Abstract

Carbohydrate binding modules (CBMs) have been recognized as attaching to carbohydrate-related enzymes to upgrade catalytic efficiency of natural biological polymers including starch and cellulose. Because only a relatively small number of CBM structures have been resolved, alternatively, in silico structures can be established by computational modeling approaches and an accurate target-template sequence alignment is the most deterministic factor for homology modeling. However, the major bottleneck for qualified CBM structure simulation is low sequence identities among CBM members. Fortunately, the conserved characteristics of hydrophilic aromatic residues (HARs) and secondary structure elements were observed and taken into account in feature-incorporated alignment (FIA) to match up the core motifs among CBMs. In this thesis, the improved alignment results were integrated to in silico structure building to increase reliability of predicted structures and to detect potential ligand-binding aromatic residues. The identified HARs and predicted structures deriving from FIA were close to in vitro results and possessed high accuracy and reliability under various criteria. Among FIA and six leading alignment programs, FIA achieved the highest sequence identity and sequence similarity on average with statistically significance.

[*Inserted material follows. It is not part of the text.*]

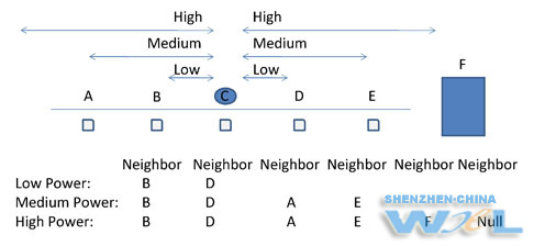 在正常的運作中,節點會以-10dBm向最鄰近的節點進行通訊,節省節點的電力,并且維持網絡的正常狀態。如果系統節點C停止運作,節點B及D會增強功率,以略過該節點進行通訊。當然,節點D應該向集中裝置回報節點C已停止運作。網絡范圍主要受限于節點距離、起始節點與最終目的地節點之間的中繼次數,以及其所定義的系統所需延遲。
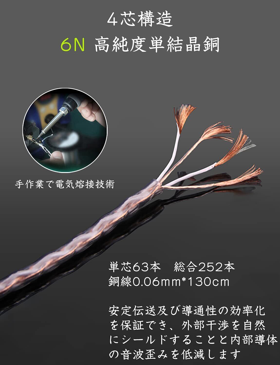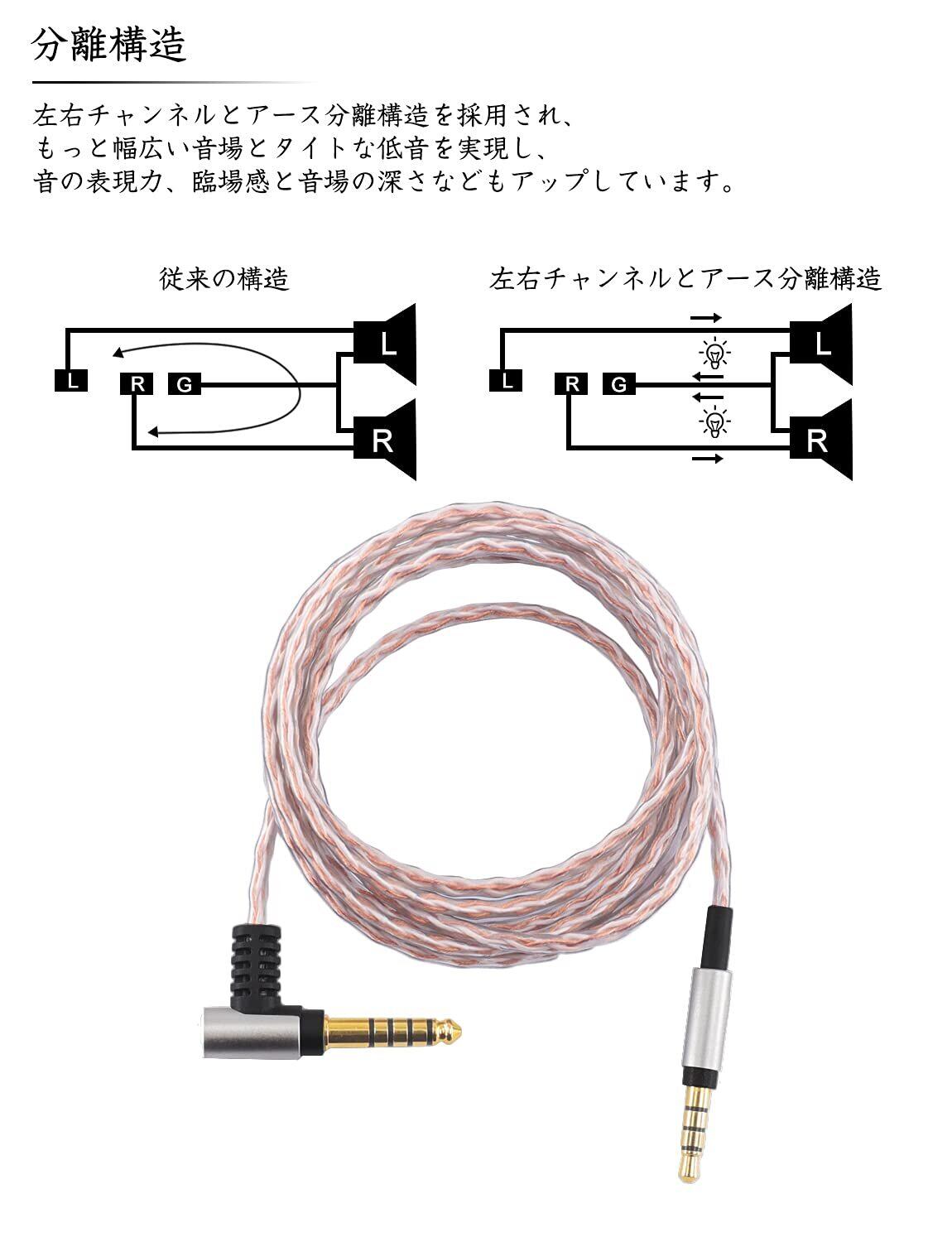 ●●「 高品質素材 」リケーブルの被膜外層はTPU材料で内層はPTFE材料を使用しました。 コードが絡みにくいし、取り回しが良好、柔らかくて、心地がいいです。 断線の心配もありません。 長さ130cm、外径3mm、4芯Braid(編み)構造で単芯63本の単結晶無酸素銅を主材にします。

In addition, in silico structures deriving from FIA reported lowest average surface-potential z score with statistically significance. Furthermore, HAR identification can be applied to predict ligand-binding aromatic residues with high true positive rates. Finally, this work comprehensively predicted structures for CBM members and deposited them into a repository named Database of Simulated CBM structures (DS-CBMs). Subsequently, online structure modeling system was developed to allow users to predict their own CBM structures.